* What you are asked to do
Without including any pictures, please copy every entry below exactly.

(Records contained in a dataset)
---*---
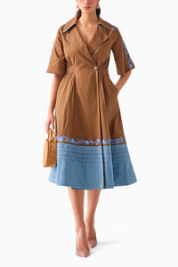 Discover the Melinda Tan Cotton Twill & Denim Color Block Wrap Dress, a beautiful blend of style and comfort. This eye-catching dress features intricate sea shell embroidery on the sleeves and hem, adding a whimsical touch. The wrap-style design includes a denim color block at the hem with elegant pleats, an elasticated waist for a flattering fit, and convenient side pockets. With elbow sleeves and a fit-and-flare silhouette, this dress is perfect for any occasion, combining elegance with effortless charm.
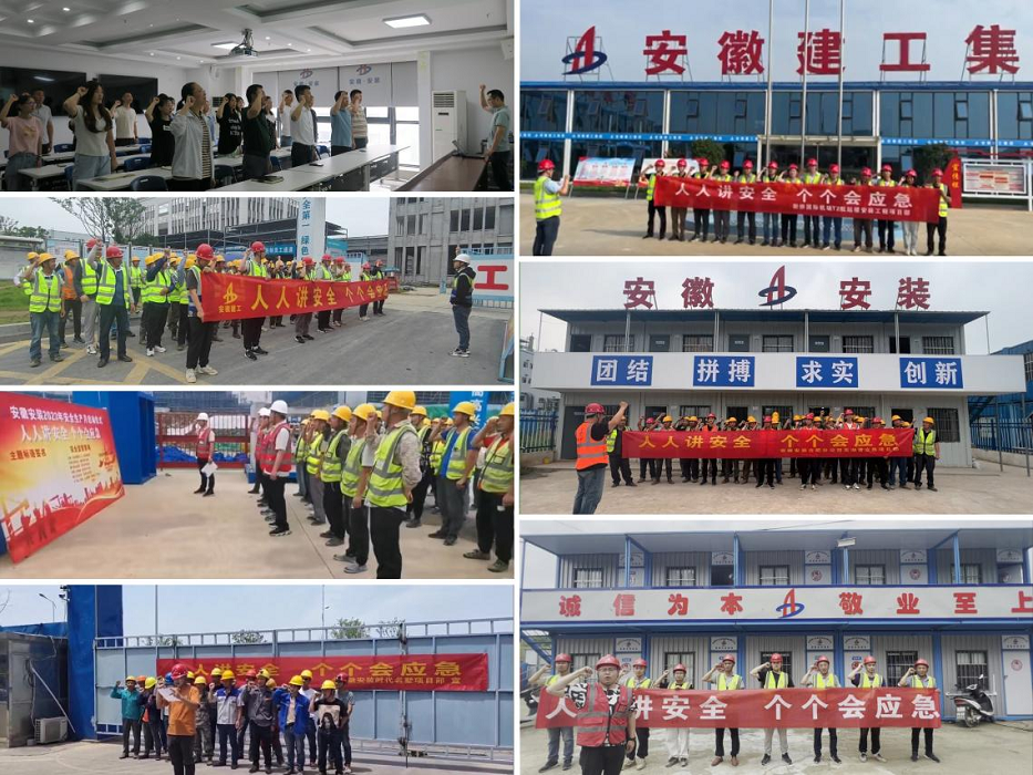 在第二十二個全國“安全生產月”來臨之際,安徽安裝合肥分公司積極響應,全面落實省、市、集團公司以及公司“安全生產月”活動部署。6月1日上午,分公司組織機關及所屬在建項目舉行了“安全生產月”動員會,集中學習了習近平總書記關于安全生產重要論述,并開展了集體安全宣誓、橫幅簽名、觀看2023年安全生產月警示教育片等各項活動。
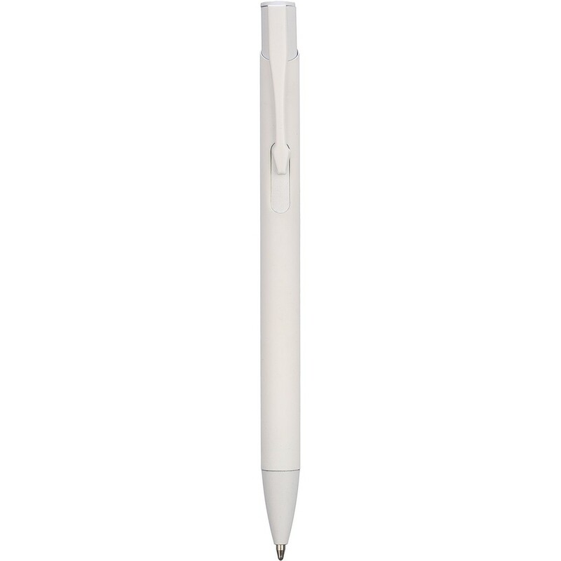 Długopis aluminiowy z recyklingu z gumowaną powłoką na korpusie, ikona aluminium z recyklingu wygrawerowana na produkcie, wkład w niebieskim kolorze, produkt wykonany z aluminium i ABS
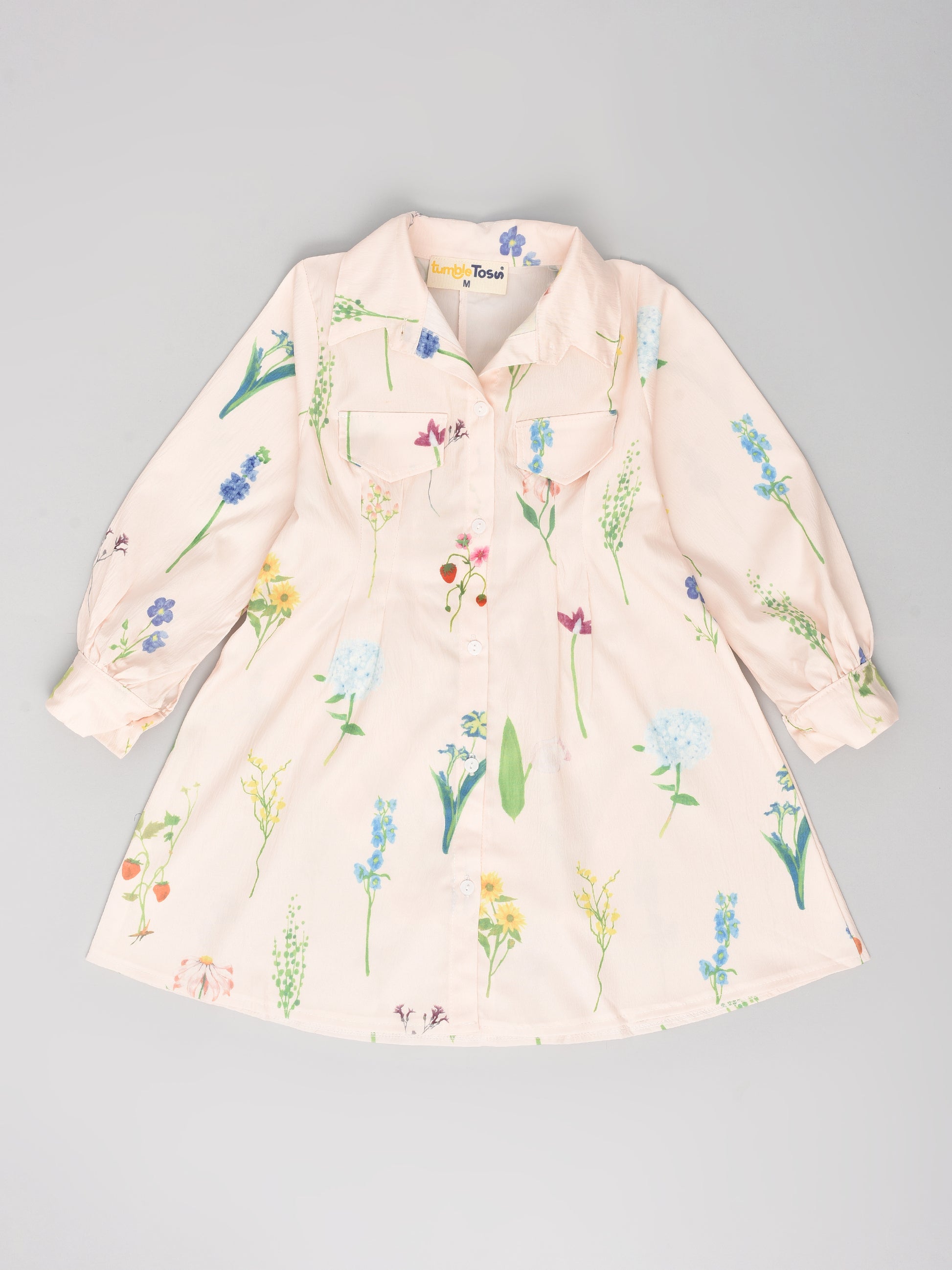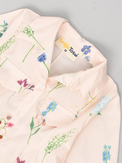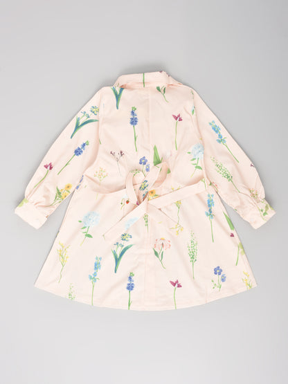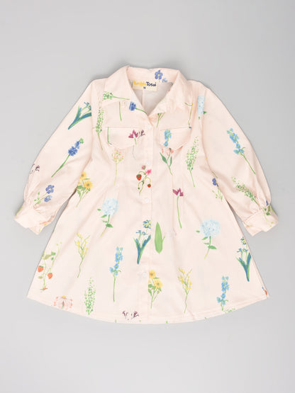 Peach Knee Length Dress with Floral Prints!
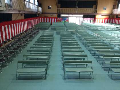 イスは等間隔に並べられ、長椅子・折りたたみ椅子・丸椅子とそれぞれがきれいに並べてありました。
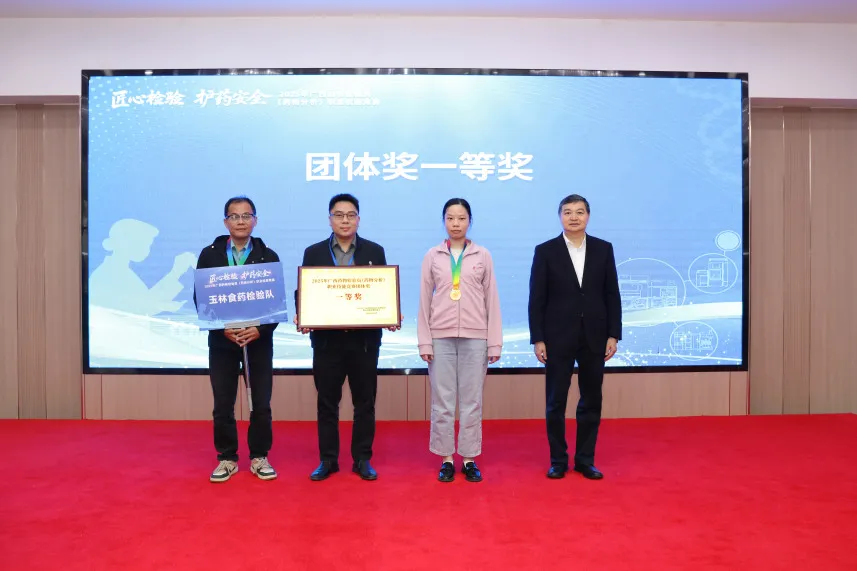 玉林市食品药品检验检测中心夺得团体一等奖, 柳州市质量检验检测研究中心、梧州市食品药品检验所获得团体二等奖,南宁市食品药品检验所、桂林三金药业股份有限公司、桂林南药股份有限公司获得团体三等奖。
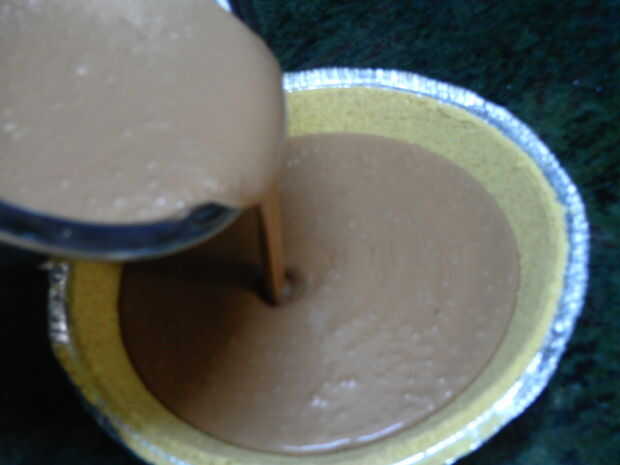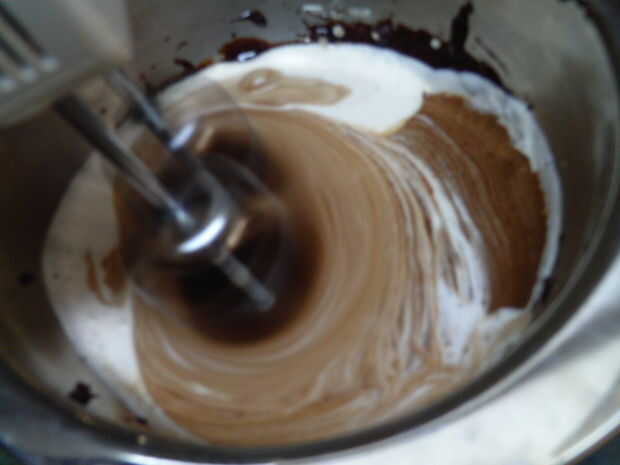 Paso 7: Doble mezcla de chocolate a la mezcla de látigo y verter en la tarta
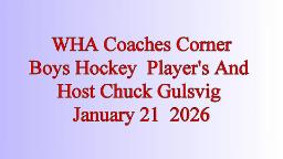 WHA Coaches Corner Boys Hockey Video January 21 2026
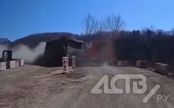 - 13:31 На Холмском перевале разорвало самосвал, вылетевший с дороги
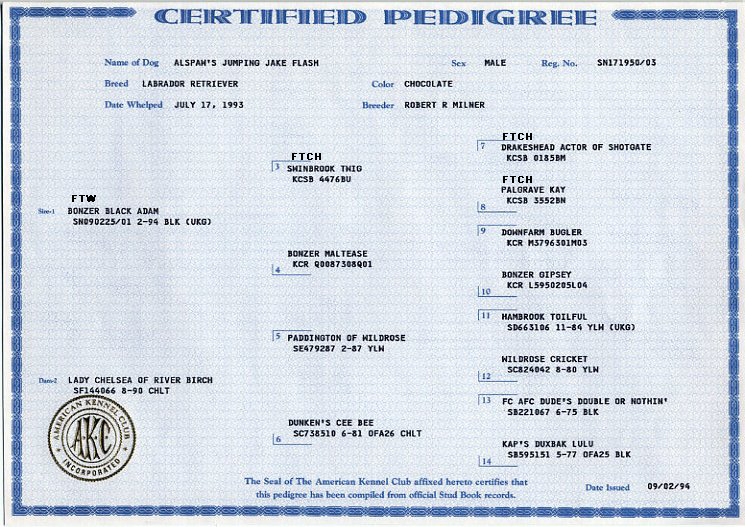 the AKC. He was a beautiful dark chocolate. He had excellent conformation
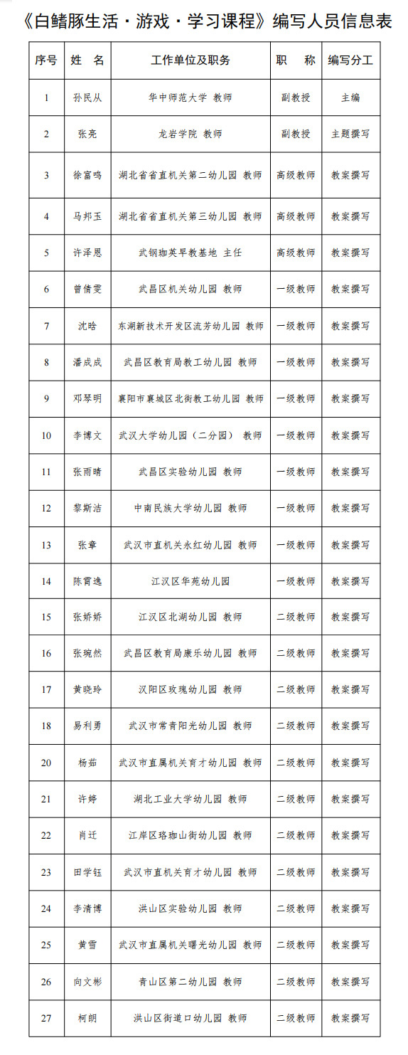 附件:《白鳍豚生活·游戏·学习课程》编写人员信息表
---*---
* Solution to this exercise
 Discover the Melinda Tan Cotton Twill & Denim Color Block Wrap Dress, a beautiful blend of style and comfort. This eye-catching dress features intricate sea shell embroidery on the sleeves and hem, adding a whimsical touch. The wrap-style design includes a denim color block at the hem with elegant pleats, an elasticated waist for a flattering fit, and convenient side pockets. With elbow sleeves and a fit-and-flare silhouette, this dress is perfect for any occasion, combining elegance with effortless charm.
 在第二十二個全國“安全生產月”來臨之際,安徽安裝合肥分公司積極響應,全面落實省、市、集團公司以及公司“安全生產月”活動部署。6月1日上午,分公司組織機關及所屬在建項目舉行了“安全生產月”動員會,集中學習了習近平總書記關于安全生產重要論述,并開展了集體安全宣誓、橫幅簽名、觀看2023年安全生產月警示教育片等各項活動。
 Długopis aluminiowy z recyklingu z gumowaną powłoką na korpusie, ikona aluminium z recyklingu wygrawerowana na produkcie, wkład w niebieskim kolorze, produkt wykonany z aluminium i ABS
 Peach Knee Length Dress with Floral Prints!
 イスは等間隔に並べられ、長椅子・折りたたみ椅子・丸椅子とそれぞれがきれいに並べてありました。
 玉林市食品药品检验检测中心夺得团体一等奖, 柳州市质量检验检测研究中心、梧州市食品药品检验所获得团体二等奖,南宁市食品药品检验所、桂林三金药业股份有限公司、桂林南药股份有限公司获得团体三等奖。
 Paso 7: Doble mezcla de chocolate a la mezcla de látigo y verter en la tarta
 WHA Coaches Corner Boys Hockey Video January 21 2026
 - 13:31 На Холмском перевале разорвало самосвал, вылетевший с дороги
 the AKC. He was a beautiful dark chocolate. He had excellent conformation
 附件:《白鳍豚生活·游戏·学习课程》编写人员信息表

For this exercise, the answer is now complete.